In July the first point of this agreement was
carried into effect. The Duke of Bourbon crossed the Alps in company with
Pescara and invaded France (July 1). His artillery joined him by sea at Monaco.
Provence offered little resistance. The Duke entered Aix on August 9. But the
other movements were delayed, and it was thought dangerous to advance on Lyons
without this support. Accordingly it was determined to lay siege to Marseilles,
which was surrounded on August 19. Francis had here shown unusual foresight,
and the town was prepared for defence under the command of the Orsini captain, Renzo da Ceri,
who had shown himself throughout a passionate friend of France. The breaches in
the walls were immediately protected by earthworks, and the besiegers could not
venture an assault. The French navy, reinforced by Andrea Doria with his galleys, was superior to the invaders on the sea. Meanwhile Francis
was collecting with great energy an army of relief at Avignon. Unexampled tailles were
imposed; the clergy were taxed, the cities gave subsidies, and the nobles
forced loans. Time pressed and the assault of Marseilles was ordered for
September 4, but the troops recoiled before the danger; the Marquis of Pescara,
hostile throughout to the enterprise and its leader, did not conceal his disapproval;
and the project was abandoned. The promised aid from Roussillon was not sent,
and the diversion in Picardy was not made. On September 29, much against his
will, the Duke of Bourbon ordered the retreat. The troops, ill-clothed,
ill-provided, ill-shod, made their way across the mountains, closely pursued by
Montmorency. Francis followed with his whole army and reached Vercelli on the
same day that the retreating army arrived at Alba, about sixteen miles S.S.W.
of Asti.
With troops humiliated, discontented, exhausted,
resistance in the field was impossible. The imperialists adopted the same
strategy that had succeeded so well against Bonnivet. They determined to hold
Alessandria, Pavia, Lodi, Pizzighettone, Cremona. The citadel of Milan was
garrisoned, and it was hoped that the city might be held; but it had suffered
terribly from the plague, and on the approach of Francis with his
whole army, the attempt was given up. Bourbon, Lannoy, and Pescara retired to
Lodi; and the defence of Pavia was entrusted to Antonio de Leyva. Instead of
following up the remnants of the imperial army to Lodi, and crushing them or
driving them east into the arms of their uncertain Venetian allies, Francis
turned aside to make himself master of Pavia. The siege artillery opened fire
on November 6. An early assault having failed, Francis attempted to divert the
course of the Ticino, and by this means to obtain access to the south side of
the town, which relied mainly on the protection of the river. But the winter
rains rendered the work impossible. Francis determined to reduce the city by
blockade. Meanwhile he called up reinforcements from the Swiss, and took
Giovanni de’ Medici into his pay.
Campaign of Pavia. [1524-5
Italy prepared to take the side which appeared
for the moment stronger.
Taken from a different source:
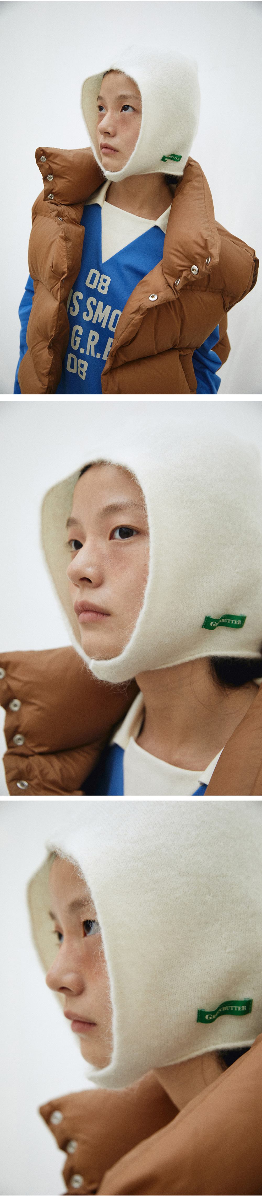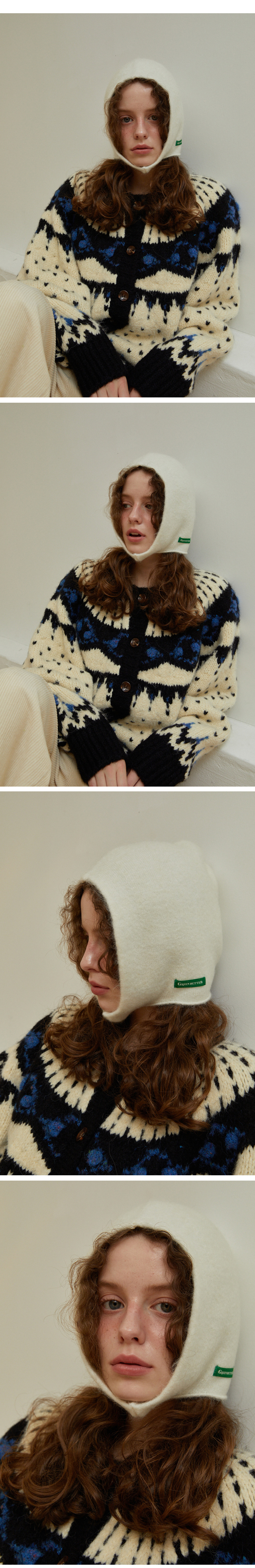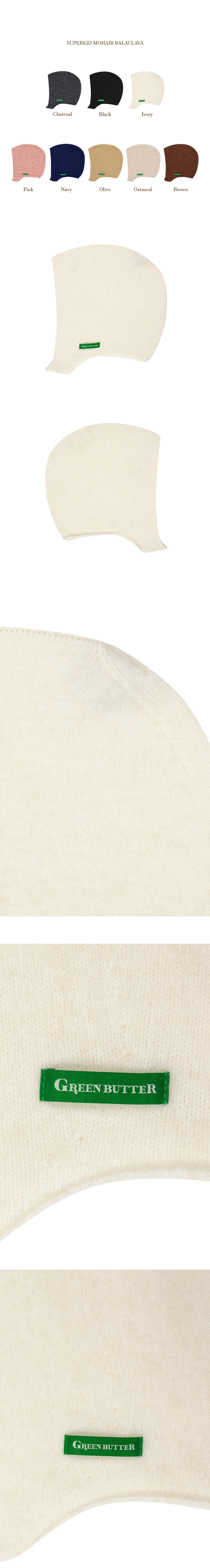 슈퍼키드모헤어33%, 울33% 함량으로 보풀과, 뭉침현상을 최소화했고 구김이 잘 가지 않으며 포근하면서 가볍고, 보온성이 뛰어난 바라클라바입니다.슈퍼키드모헤어 특유의 기장감이 느껴지는 기모효과와 컬감이 특징으로 베이직한 디자인에 그린색라벨을 포인트로 부착했습니다.스판함유로 피팅시 편안하고 텐션을 유지해주며 턱 끝을 완전히 감싸는 실루엣으로 광대를 가려주며 얼굴을 감싸안아얼굴이 작아보이는 핏으로 완성한 바라클라바입니다.

Venice hesitated in her alliance. Clement, while endeavoring
to reassure the Emperor as to his fidelity, and ostensibly negotiating for an
impossible peace, concluded, on December 12, 1524, a secret treaty with France,
in which Florence and Venice were included. This treaty led both Clement and
Francis to their ruin. Clement paid for his cowardly betrayal at the Sack of
Rome, and Francis was encouraged to detach a part of his army under the Duke of
Albany to invade Naples, an enterprise which weakened his main force without
securing any corresponding advantage. The Duke, after holding to ransom the
towns of Italy through which he passed, reached the south of the papal
territory, where he was attacked by the Colonna and driven back to Rome. It was
hoped however that this diversion would induce the imperial generals to leave
Lombardy to its fate and hurry to the protection of Naples. But reinforcements
were coming in from Germany under Frundsberg, and it was Naples that was left
to fortune. On January 24, 1525, the imperial forces moved from Lodi. After a
feint on Milan, they approached Pavia, and encamped towards the east to wait
their opportunity. Thence they succeeded in introducing powder and other most
necessary supplies into the famished city. The seizure of Chiavenna on behalf of Charles recalled the Grisons levies to the defence of their own
territory. Reinforcements coming to Francis from the Alps were cut off and
destroyed. Giovanni de' Medici was incapacitated by a wound. But the condition
of the beleaguered city and lack of pay and provisions did not permit of
further delay. It was decided to attack Francis in his camp and risk the issue.
1525-6] Battle of Pavia.
Treaty of Madrid.
On the night of February 24-25 the imperial army
broke into the walled enclosure of the park of Mirabello.
Delays were caused by the solid walls and day broke before the actual
encounter. The news of the attack induced Francis to leave his entrenchments
and to muster his army, which consisted of 8000 Swiss, 5000 Germans, 7000 French
infantry, and 6000 Italians. He was not much superior in actual numbers,
but stronger in artillery and cavalry. An attempt of the imperialists to join
hands with the garrison of Pavia, by marching past the French army, which had
had time to adopt a perfect order of battle in the park, proved impossible
under a flanking artillery fire. Nor was it possible to throw up earthworks and
await assault, as Lannoy had hoped. A direct attack upon the French army was
necessary. In the mêlée which ensued it is almost impossible to disentangle the
several causes of the issue, but it seems clear that the complete victory of
the imperialists was due to the admirable fire-discipline and tactics of the
veteran Spanish arquebusiers, to the attack of
Antonio de Leyva with his garrison from the rear, to an inopportune movement of
the German troops of the French which masked their artillery fire, and perhaps
in some measure to the cowardly example of flight set by the Duke of Alençon.
The French army was destroyed, the French King was captured, and all his most
illustrious commanders were taken prisoners or killed. As Ravenna marks the
advent of artillery as a deciding factor in great battles, so perhaps Pavia may
be said to mark the superiority attained by hand firearms over the pike. The
Swiss pike-men were unable to stand against the Spanish bullets.
Once more the duchy had been reconquered,
and it seemed lost forever to France. Francis was sent as a prisoner first to
Pizzighettone and then to Spain. Here the unwonted restraint acting on a man so
passionately devoted to field-sports shook his health; he thought at one time
of resigning the crown of France in favor of the Dauphin, in order to discount
the advantage possessed by Charles in the custody of his royal person; but he
was at length constrained to accept the Emperor’s terms. The result was the
treaty of Madrid, signed by Francis on January 14, 1526, and confirmed by the
most solemn oaths, and by the pledge of the King’s knightly honor, but with the
deliberate and secretly expressed intention of repudiating its obligations.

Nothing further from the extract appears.